Copyright © 2019 by Emily Krone Phillips. This excerpt originally appeared in The Make-or-Break Year: Solving the Dropout Crisis One Ninth Grader at a Time, published by The New Press and reprinted here with permission.

First Person

I was too anxious to speak in class. Then the adults at my school teamed up to help me.

PHOTO: Getty Images

“Which group wants to present first?” the teacher said.

That day, the whole school had worked on mini-projects in groups, and now it was time to share our work with students from different grades. I was surrounded by a lot of faces I had never seen before. I was only a freshman and everything felt new.

My heart started beating fast, like it was trying to pop out of my chest. I started sweating, even though the air conditioner was on. I tried to dry my trembling, clammy palms by rubbing them against my pants. I wanted to raise my hand and say I wasn’t feeling well, but my mouth clamped shut and it felt like gravity made it impossible for me to lift my arm.

Usually I would get a little nervous when I had to do presentations, but I could always get through them. This day was different.

When the teachers closed the classroom doors, I felt trapped. I wanted to run outside, take a deep breath of fresh air, and calm down. To distract myself, I started to pinch my arm under the table. Then it was my group’s turn, and somehow my legs managed to make the motions to get me in front of the class.

When it was my turn to speak, the words I was supposed to say didn’t come out. I froze. Finally a familiar voice brought me back to reality. It was one of my groupmates presenting my part for me.

After we returned to our seats, I hugged my book bag. It wasn’t as soft as my pillow, but it was the only comfort I was able to find. I stared at the floor, which seemed like the only thing in the room that wasn’t disappointed in me. Once the bell rang I speed-walked past everyone to the train. As soon as I got home, I cried.

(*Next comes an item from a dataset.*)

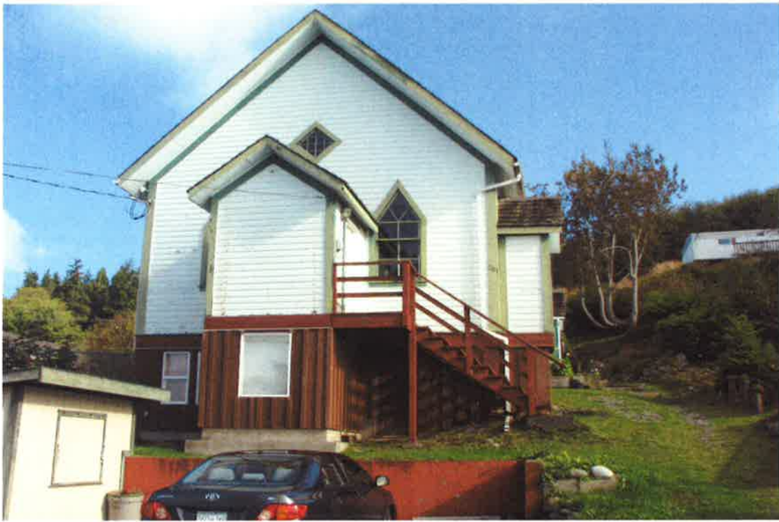
This is the former Methodist Church its structure was built in 1913. The building became the United Church, in 1946 it was taken over by the Pentecostal Mission. It is now a privately owned residence.

Unfortunately, memories of that awful afternoon stayed with me. I began to panic every time I had to talk to new people, which had never been a problem for me before.

The night before a presentation I wouldn’t be able to sleep or eat. I was afraid to tell my teachers how I was feeling; I didn’t want to be seen as asking for special treatment. Fortunately, when I did presentations, I managed not to freeze like before, but I still got incredibly nervous and sometimes stuttered out my words. If I had the choice, I’d make sure I wouldn’t have a speaking part in group presentations.

In 10th grade, my English class read “The Perks of Being a Wallflower.” I thought it was going to be just another lame book, especially since I hated reading. But when we finished the first chapter I felt the main character, Charlie, was speaking directly to me. It’s made up of letters he writes to an anonymous person. Charlie has a hard time talking about his emotions. When something bothers him, he stays quiet.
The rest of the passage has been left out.